California’s DEPI Bans Celsius Securities Sales
Celsius’ legal troubles are far from over as Californian authorities have accused the lender of offering unregistered digital securities to investors.
California’s Department of Financial Protection and Innovation (DFPI) has now issued a desist and refrain order against Celsius. As such, the bankrupt crypto lender will not be to continue the sale and marketing of securities in the state of California.
The development comes a month after the DFPI slapped two cease and desist orders to other crypto lending platforms – BlockFi and Voyager – hammered by the contagion.
The authorities have alleged that the “Earn Rewards” accounts offered and sold by Celsius are securities even as the department issued no such permit to authorize the activities.
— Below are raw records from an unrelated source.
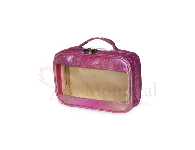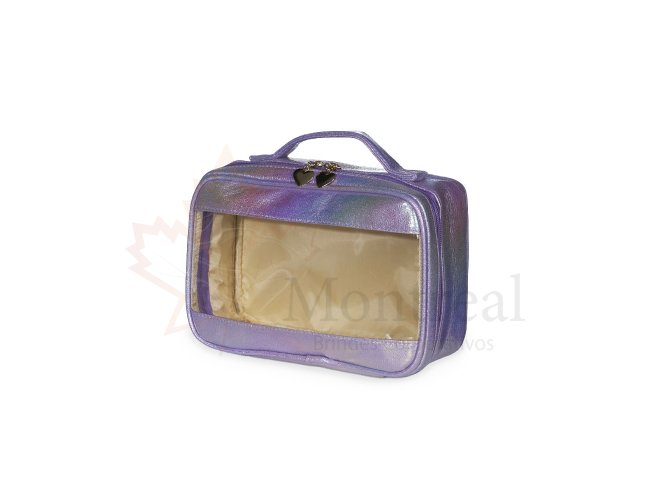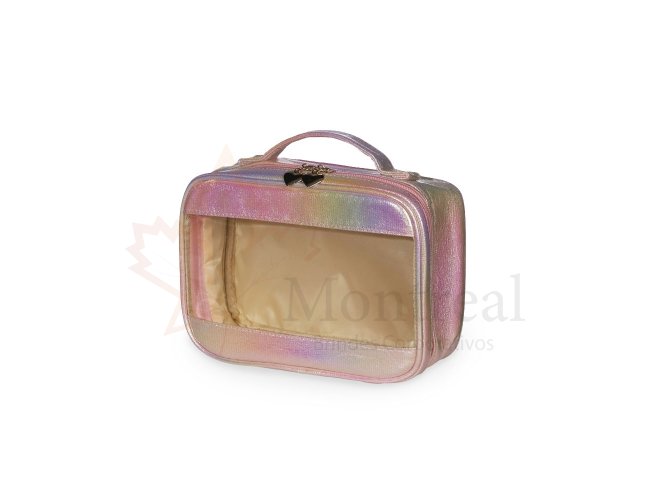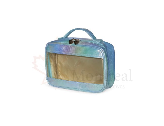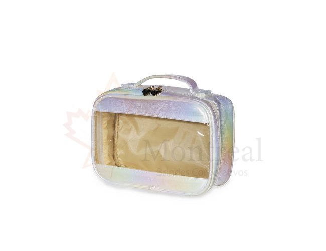 Descrição: Nécessaire de pvc e tecido sintético com design holográfico, resistente à água.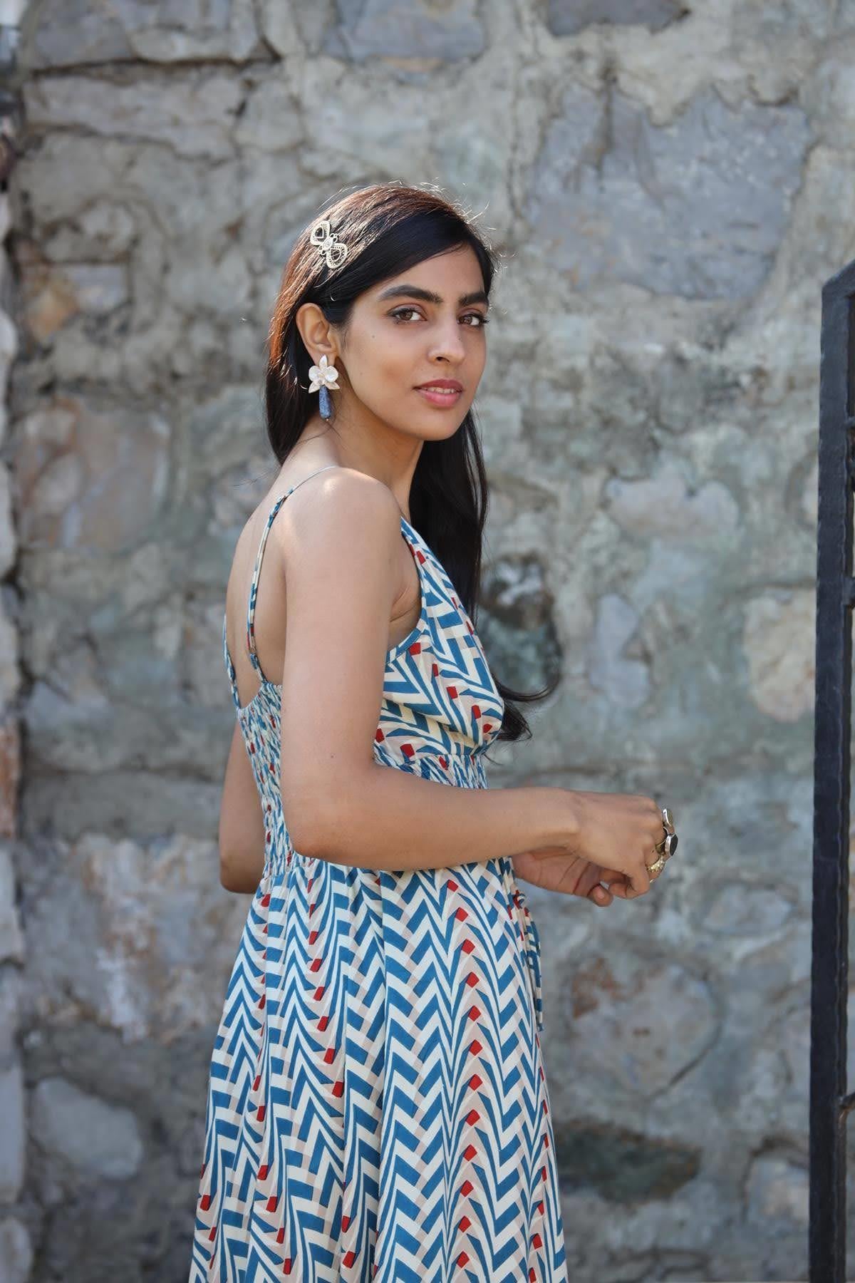Mavi Desenli Sırtı Gipeli Kruvaze Yaka Askılı Elbise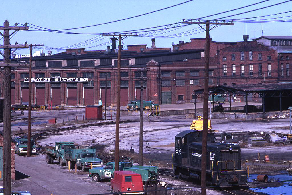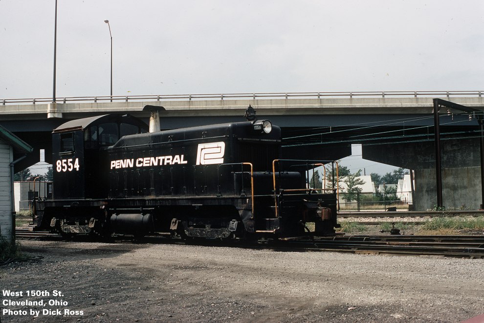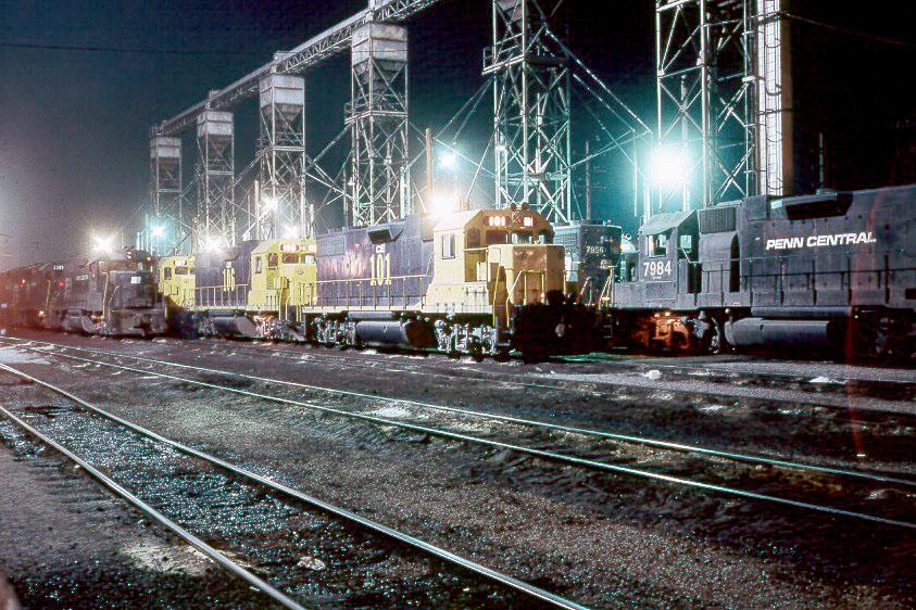 On an unknown date, Cleveland Electric Illuminating GP38-2s 101, 106, and 107 share the spotlight at the Collinwood engine terminal with other PC motive power. CEI leased nine GP38-2s, numbered 100-108, for use on coal trains to their power plants, similar to Detroit Edison, as Penn Central could not always provide reliable motive power. The colorful locomotives were frequently seen around Cleveland during the PC and Conrail eras. They were finally returned to their lessor in 1997, who sent their to VMV and had them rebuilt. They now work for Union Pacific today.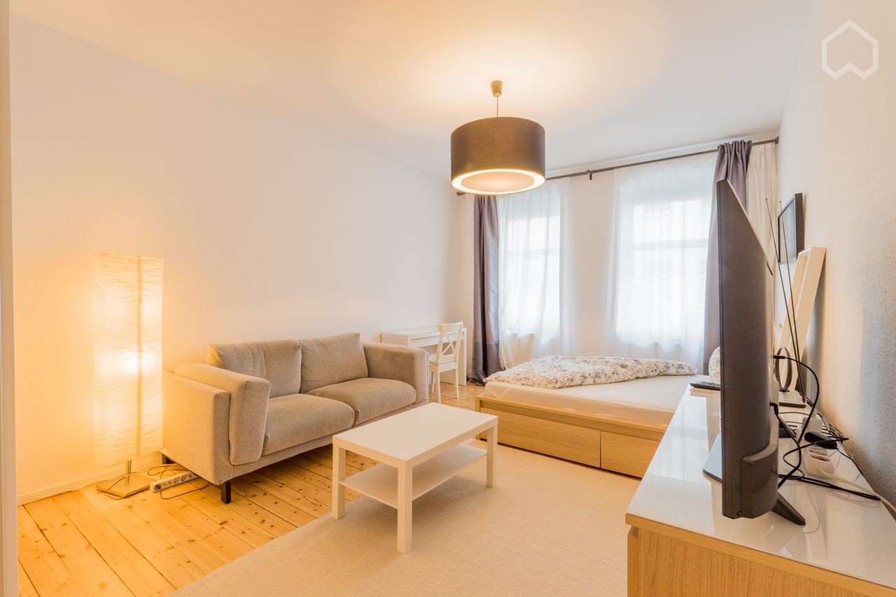 1-Zimmer Wohnung im ruhigen Seitenfluegel gelegen, sie liegt perfekt verkehrstechnisch gelgen an der S-Bahn Bornholmer Str., Gesundbrunnen und Schönhauser Allee mit der Metro U2, U8 und der S-Ringbahn und Nord-/Suedstrecke und erreichen z.B. den Alexanderplatz in ca. 10 Minuten. Die Wohnung besteht aus Kueche mit voller Ausstattung, Badezimmer, Diele und Wohn-/Schlafzimmer.

The DEPI also claimed that Celsius and its CEO Alexander Mashinsky failed to fully disclose material aspects of its business and Earn Rewards.
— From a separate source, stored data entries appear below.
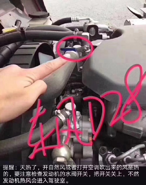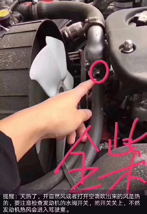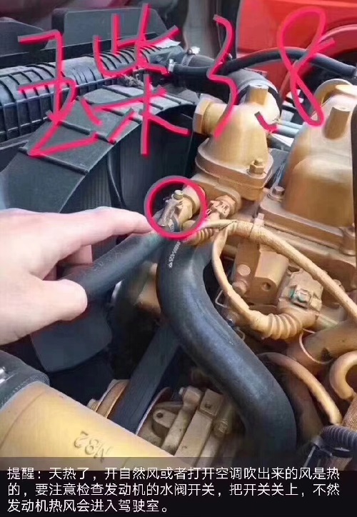 其他品牌發(fā)動(dòng)機(jī)上一般也會(huì)有類似的閥門,各位可以檢查一下,夏天的時(shí)候關(guān)閉(手柄和管路垂直)可以防止熱風(fēng)循環(huán)到駕駛室內(nèi),冬天的時(shí)候一定要開啟(手柄和管路平行),這樣駕駛室內(nèi)才能有暖風(fēng)。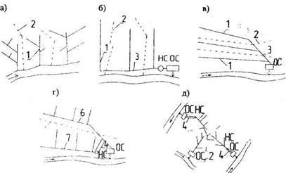 а) перпендикулярная схема (рис. 6.2, а) — коллекторы бассейнов канализования трассированны перпендикулярно направлению воды в водоеме. Данная схема, в основном, применяется для сброса в водоем атмосферных сточных вод;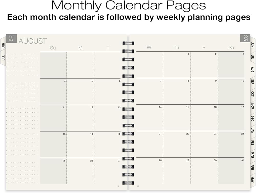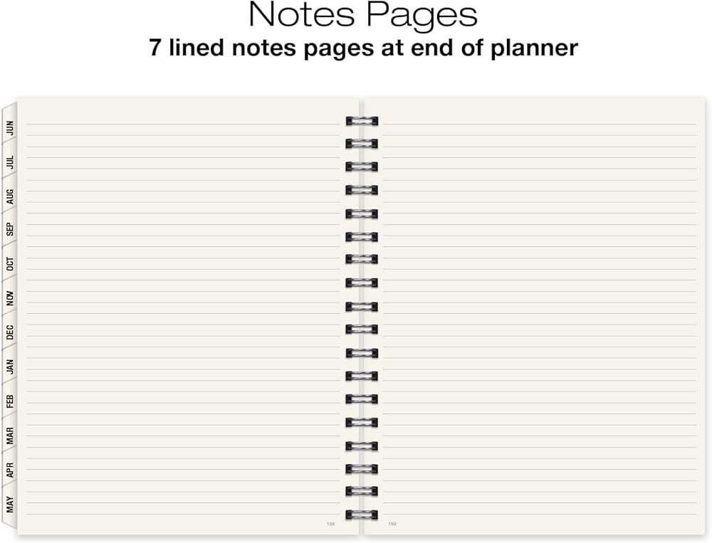 مخطط مع الكثير من مساحة الكتابة. طبعت على ورقة الكريمة (خارج البيضاء). الورق السميك سوف يمنع النزيف من خلال. واضحة الغطاء الواقي من الفينيل الأمامية والخلفية لتوفير مزيد من المتانة. ملزمة سلكية قوية لإلقاء نظرة احترافية.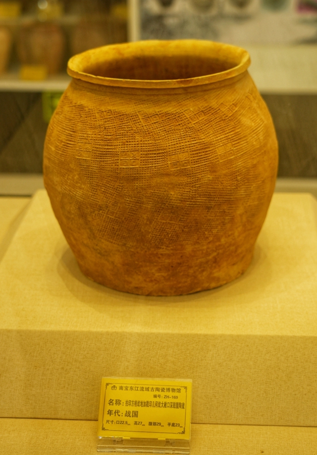 該博物館展示的一件西漢陶甕,淺黃色,高0.32米,口徑0.235米,器型碩大,保存完好,表面原本施有原始青釉,現(xiàn)表面仍依稀可見部分青釉,胎體堅硬,器表通體印方格紋地加戳幾何紋,平底,也是東江流域典型器型。
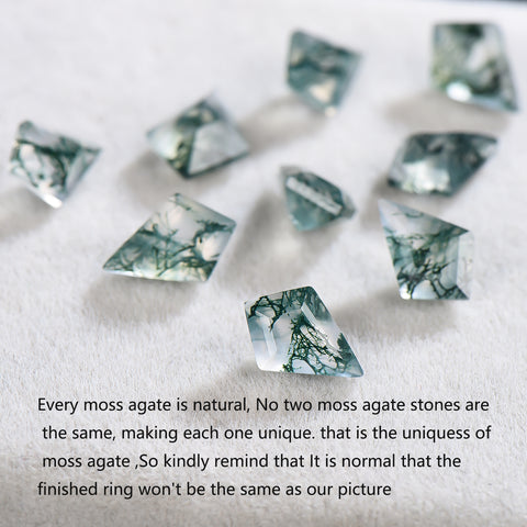 Cutting:Circular, elliptical, or pear-shaped cuts that accentuate the moss agate pattern and add a touch of uniqueness. However, my top pick is the kite-shaped moss agate Engagement ring. The freedom of the kite shape and the elegance of water and grass come together beautifully. It's truly a harmonious blend!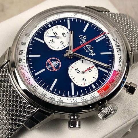 Breitling Avenger B01 Chronograph 42, reference AB0146101C1X1, stillet stål kasse 42 mm, blå skive, schweizisk automatisk urværk B01, blå originalt læderrem, stand Mint, ex-display, inkluderer original æske, papirer og Breitling fabriksgaranti, forsendelse forsikret. Klik på den blå "gå til varen" knap, for at købe eller byde på denne vare. Den samlede pris vil blive vist inden du afgiver dit bud.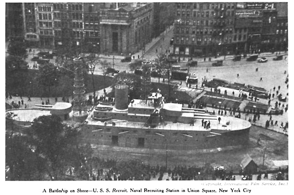 W Nowym Yorku na Union Square 30.maja 1917 r, a wiec zaledwie 7 tygodni po wypowiedzeniu wojny przez Ameryke pojawil sie USS Recruit.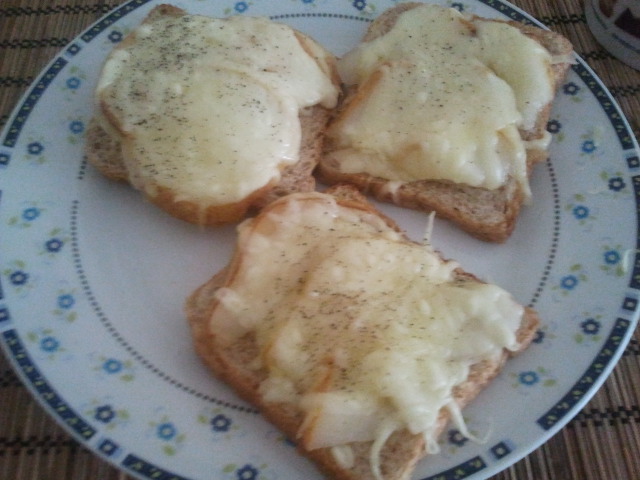 A toast kenyér egyik oldalát előpirítom (én a mikroban a grill programon 3 percig szoktam bennhagyni). Amikor kész, a másik oldalára vékonyra vágott körteszeleteket teszek, hogy fedje be a kenyeret teljesen. Trappista sajtot reszelek rá jó nagy halommal, hogy se a kenyér, se a körte ne látszódjon ki alóla. Vissza a sütőbe és pár perc alatt már készen is van. Akkor jó, ha teljesen elolvadt a sajt. A végén sózom és borsozom.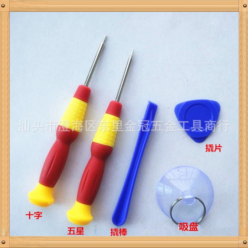 商品包含:十字螺丝刀1支+五角螺丝刀1支+拆机棒1根+拆机片1块+吸盘1个,带封口袋包装,拆机齐全的一套工具3387987797_992766833_副本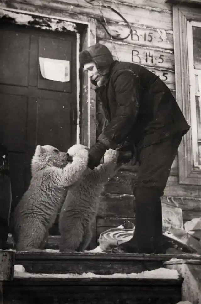 Сотрудник метеостанции кормит осиротевших медвежат, Новая Земля, 1970 год.

The order dated August 8th alleged that Mashinsky made “materially” misleading statements. It also pointed out that the exec continued to tout that the investors of Earn Rewards would be able to timely withdraw their investments and not suffer losses on their investments on multiple occasions leading up to the company’s suspension of customer wallets on June 12th.
The agency also found that Celsius offered accounts that allowed its users to earn interest on their deposited digital assets. It, however, did not qualify those accounts as securities in line with California law – Corporations Code Section 25110.
Celsius had paused customer withdrawals from the interest accounts on June 25th, following which, it went on to file for Chapter 11 bankruptcy a couple of weeks later.
Piling Legal Troubles
In addition to California’s DEPI, multiple state agencies are currently investigating the platform. Vermont’s Department of Financial Regulation (DFR), for one, also alleged that Celsius has been engaged in unregistered security offering to retail investors. The watchdogs also claimed that the firm is “deeply insolvent” with no assets and liquidity to honor its obligations to account holders and other creditors.
Former executives of Celsius had made bombshell claims that the company was mired in internal issues such as poor risk management, disorganization, and market manipulation.
Blockchain data also revealed that the wallet address associated with Mashinsky may have sold some of its CEL token holdings, which have added to Celsius’financial struggles.